▸ Task: Strip out all images, then restate the data verbatim.
*** Provided data ***
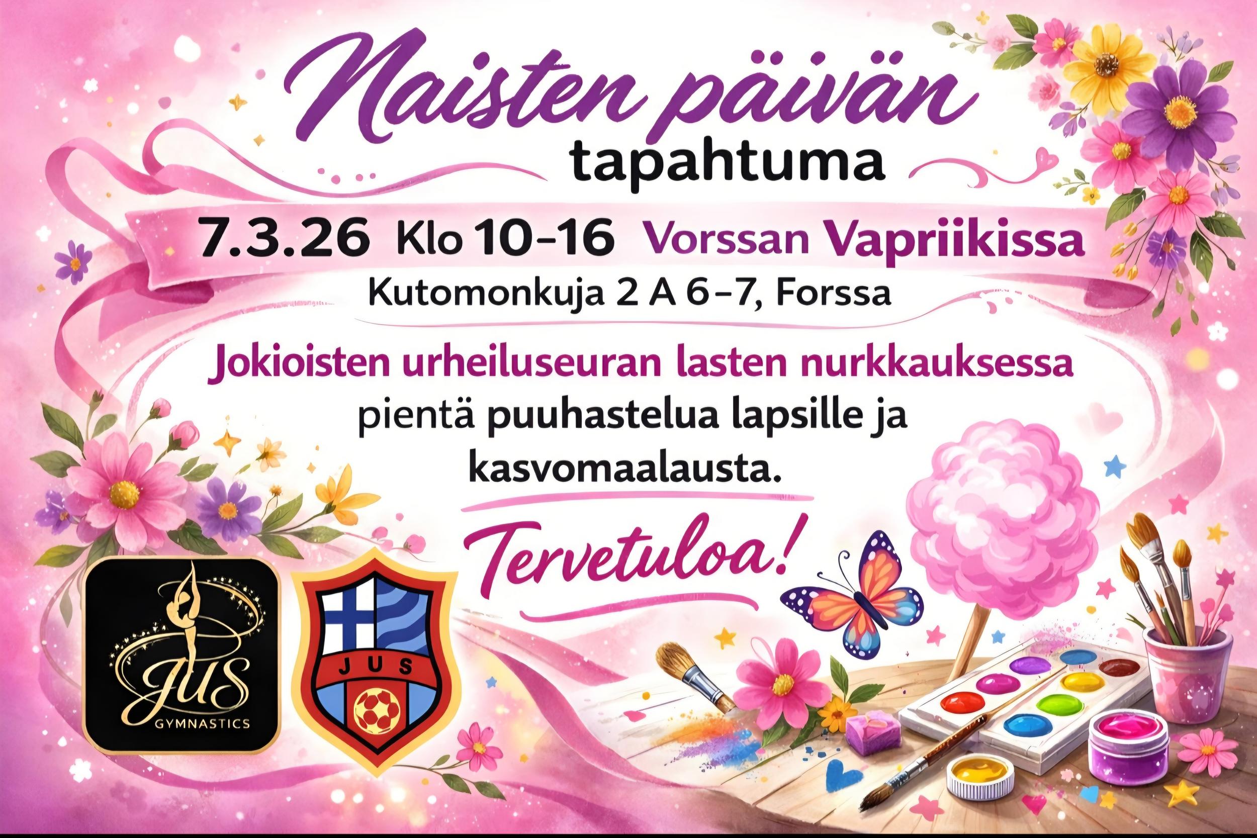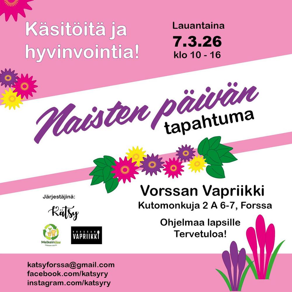 NaistenPäivä tapahtuma on 7.3.26 klo 10-16 Vorssan Vapriikilla. Esillä on käsitöitä, hyvinvointia ja kaikenlaisia herkkuja.
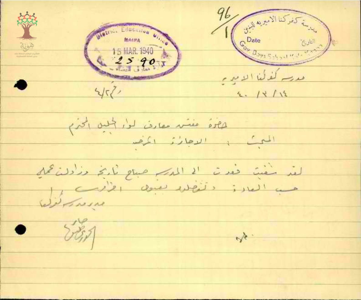 رسائل من المعلم جابر خوري إلى مفتش المعارف يعلمه بتاريخ عودته إلى العمل بعد انتهاء الاجازة المرضية
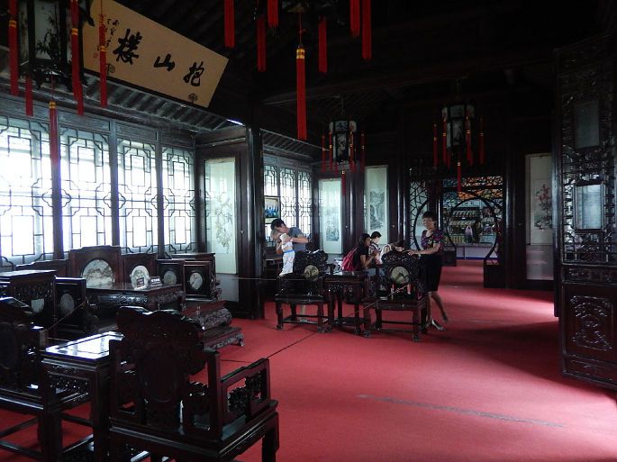 经过抱山楼的“一”字长廊,园之东部便是气势雄伟的秋景,相传出自清代大画家石涛之手笔。秋景用黄山石堆叠而成,山势较高,面积也较大。整个山体分中、西、南三座,有“江南园林之最”的美誉。整座山体峻峭凌云,显得壮丽雄伟。沿腹道攀援而上,至山顶拂云亭,满园佳境尽收眼底。秋山宜登,游走腾挪于尺幅之间,如历千山万壑,尽得攀登险趣。造园者将冬景安排在南墙之下,背靠高墙几乎终年不见阳光,远远望去似积雪未消,地面用白石铺成。冬山用宣石(石英石)堆叠,石质晶莹雪白,每块石头几乎看不到棱角,给人浑然而有起伏之感。冬山宜居,最好是仨俩知己,聚在这座面山而筑的透风漏月厅里,围炉赏雪、夜话。
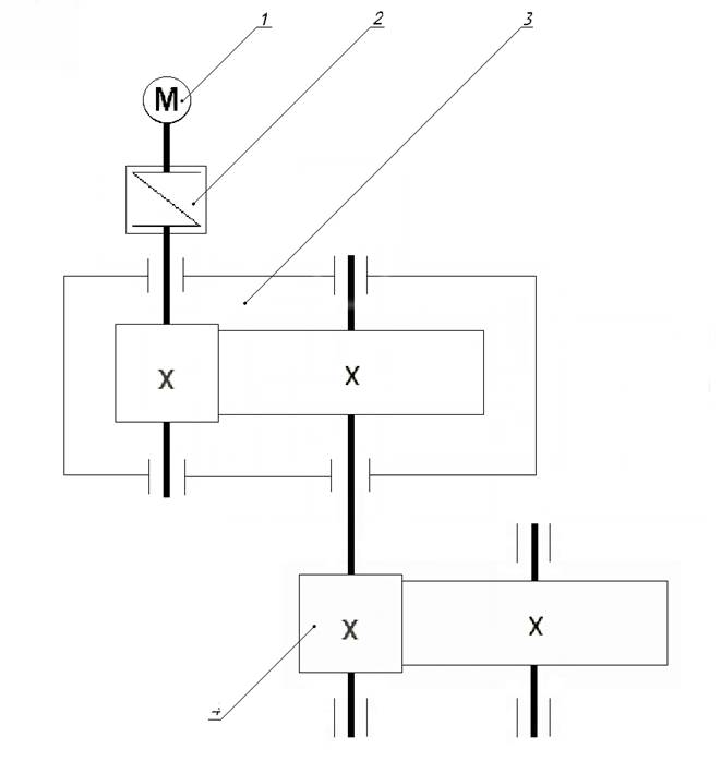 3 – одноступеневий горизонтальний циліндричний шевронний редуктор;
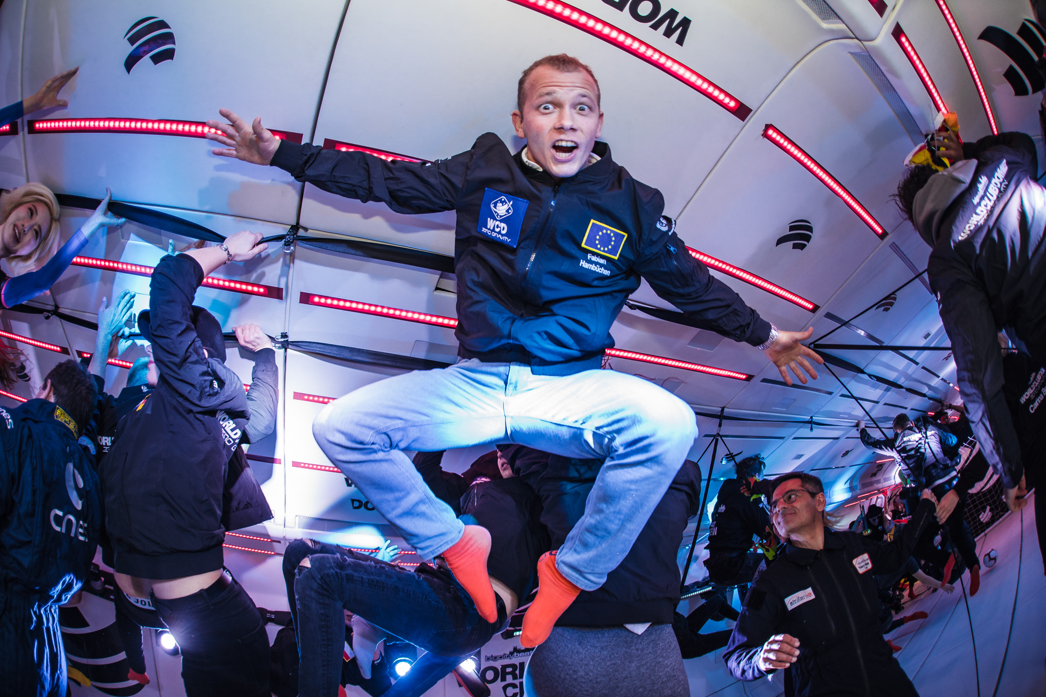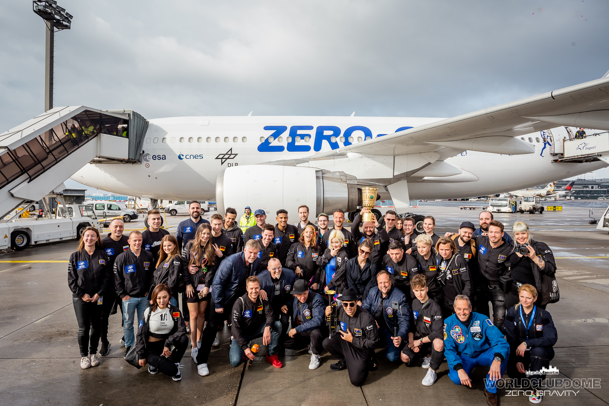 Eine großartige Erfahrung erlebte auch BigCityBeats-Resident-DJ Le Shuuk. Der Stuttgarter hatte beim Soundcheck am Tag zuvor noch gehörigen Respekt vor diesem Experiment, war aber zutiefst erleichtert, dass dieser Trip in die Schwerelosigkeit für ihn „das Beste war“, das er jemals erlebt hatte. Chris Stritzel alias Le Shukk hatte da oben alle Hände voll zu tun. Nicht nur, dass er hinter dem DJ-Pult stand und als erster DJ der Welt die erste Single in der Schwerelosigkeit veröffentlichte („Gold Baby“) – nein. Der 31-Jährige betätigte im Schwebemodus auch noch einen roten Buzzer mit seinem Fuß und starete somit in Spiderman-Haltung die erste Playlist in der Schwerelosigkeit, die direkt auf dem Streaminportal Napster aktiviert wurde und seitdem abrufbar ist. Le Shuuk spielte während der Parabelflüge zehn bis 16. Eins bis neun übernahm der australische Megastar an den DJ-Decks: Timmy Trumpet. „Insane. Unreal. No words. Just insane. I couldn’t believe it. There are no words to describe this feeling. Thank you WORLD CLUB DOME, thank you BigCityBeats, thank you ESA. Thank you Bernd Breiter. He is a believer, he is an achiever.” Seine Dankbarkeit drückte Timmy bereits vor diesem Statement und vor der Pressekonferenz aus. Denn er hatte seine Trompete an Bord, die natürlich auch zum Einsatz kam. Von musikalischen Grenzgängen zu sportlichen Höchstleistungen: Olympiasieger und Kunstturner Fabian Hambüchen absolvierte gleich mehrere Salti. „Ich hab mich im Schwebezustand einfach wie eine Kugel zusammengerollt und ließ mich von Jean-Francois Clervoy anstubsen. Und schon drehte ich mich.“, verriet er auf der Pressekonferenz, die gegen 16 Uhr im eigens eingerichteten BigCityBeats „Mission Control Centre“ im Terminal 2 des Flughafen Frankfurt startete und rund 90 Minuten später mit emotionalen Worten von Bernd Breiter und seiner Frau Carina endete. Und zwar in tiefer Verbundenheit mit den Partnern dieses fulminanten Ereignisses, unter anderem der Stadt Frankfurt, vertreten durch Stadtrat Markus Frank. „Dieses Event ist gigantisch”, so Frank. „Herzlichen Glückwunsch an Carina und Bernd. Ihr lebt einfach euren Traum und das schöne ist. Ihr nehmt uns mit bei euren Träumen, diese in der Realität zu bringen. Und das finde ich großartig und ich bin mächtig stolz, dass eine Frankfurter Familie, aus Frankfurt heraus so durchgeknallte Sachen auf den Weg bringt und damit auch unsere Stadt vermarktet. Das macht uns alle sehr, sehr stolz. Liebe Carina, lieber Bernd, vielen Dank dass es euch gibt. Und ganz ehrlich. Vor vielen Jahren waren die Beiden bei mir und hatten die Idee des WORLD CLUB DOMEs – also in der Arena eine große Party zu feiern. Ihr seid einfach die Größten!“
*** End of Provided data ***
▸ Answer space:
 NaistenPäivä tapahtuma on 7.3.26 klo 10-16 Vorssan Vapriikilla. Esillä on käsitöitä, hyvinvointia ja kaikenlaisia herkkuja.
 رسائل من المعلم جابر خوري إلى مفتش المعارف يعلمه بتاريخ عودته إلى العمل بعد انتهاء الاجازة المرضية
 经过抱山楼的“一”字长廊,园之东部便是气势雄伟的秋景,相传出自清代大画家石涛之手笔。秋景用黄山石堆叠而成,山势较高,面积也较大。整个山体分中、西、南三座,有“江南园林之最”的美誉。整座山体峻峭凌云,显得壮丽雄伟。沿腹道攀援而上,至山顶拂云亭,满园佳境尽收眼底。秋山宜登,游走腾挪于尺幅之间,如历千山万壑,尽得攀登险趣。造园者将冬景安排在南墙之下,背靠高墙几乎终年不见阳光,远远望去似积雪未消,地面用白石铺成。冬山用宣石(石英石)堆叠,石质晶莹雪白,每块石头几乎看不到棱角,给人浑然而有起伏之感。冬山宜居,最好是仨俩知己,聚在这座面山而筑的透风漏月厅里,围炉赏雪、夜话。
 3 – одноступеневий горизонтальний циліндричний шевронний редуктор;
 Eine großartige Erfahrung erlebte auch BigCityBeats-Resident-DJ Le Shuuk. Der Stuttgarter hatte beim Soundcheck am Tag zuvor noch gehörigen Respekt vor diesem Experiment, war aber zutiefst erleichtert, dass dieser Trip in die Schwerelosigkeit für ihn „das Beste war“, das er jemals erlebt hatte. Chris Stritzel alias Le Shukk hatte da oben alle Hände voll zu tun. Nicht nur, dass er hinter dem DJ-Pult stand und als erster DJ der Welt die erste Single in der Schwerelosigkeit veröffentlichte („Gold Baby“) – nein. Der 31-Jährige betätigte im Schwebemodus auch noch einen roten Buzzer mit seinem Fuß und starete somit in Spiderman-Haltung die erste Playlist in der Schwerelosigkeit, die direkt auf dem Streaminportal Napster aktiviert wurde und seitdem abrufbar ist. Le Shuuk spielte während der Parabelflüge zehn bis 16. Eins bis neun übernahm der australische Megastar an den DJ-Decks: Timmy Trumpet. „Insane. Unreal. No words. Just insane. I couldn’t believe it. There are no words to describe this feeling. Thank you WORLD CLUB DOME, thank you BigCityBeats, thank you ESA. Thank you Bernd Breiter. He is a believer, he is an achiever.” Seine Dankbarkeit drückte Timmy bereits vor diesem Statement und vor der Pressekonferenz aus. Denn er hatte seine Trompete an Bord, die natürlich auch zum Einsatz kam. Von musikalischen Grenzgängen zu sportlichen Höchstleistungen: Olympiasieger und Kunstturner Fabian Hambüchen absolvierte gleich mehrere Salti. „Ich hab mich im Schwebezustand einfach wie eine Kugel zusammengerollt und ließ mich von Jean-Francois Clervoy anstubsen. Und schon drehte ich mich.“, verriet er auf der Pressekonferenz, die gegen 16 Uhr im eigens eingerichteten BigCityBeats „Mission Control Centre“ im Terminal 2 des Flughafen Frankfurt startete und rund 90 Minuten später mit emotionalen Worten von Bernd Breiter und seiner Frau Carina endete. Und zwar in tiefer Verbundenheit mit den Partnern dieses fulminanten Ereignisses, unter anderem der Stadt Frankfurt, vertreten durch Stadtrat Markus Frank. „Dieses Event ist gigantisch”, so Frank. „Herzlichen Glückwunsch an Carina und Bernd. Ihr lebt einfach euren Traum und das schöne ist. Ihr nehmt uns mit bei euren Träumen, diese in der Realität zu bringen. Und das finde ich großartig und ich bin mächtig stolz, dass eine Frankfurter Familie, aus Frankfurt heraus so durchgeknallte Sachen auf den Weg bringt und damit auch unsere Stadt vermarktet. Das macht uns alle sehr, sehr stolz. Liebe Carina, lieber Bernd, vielen Dank dass es euch gibt. Und ganz ehrlich. Vor vielen Jahren waren die Beiden bei mir und hatten die Idee des WORLD CLUB DOMEs – also in der Arena eine große Party zu feiern. Ihr seid einfach die Größten!“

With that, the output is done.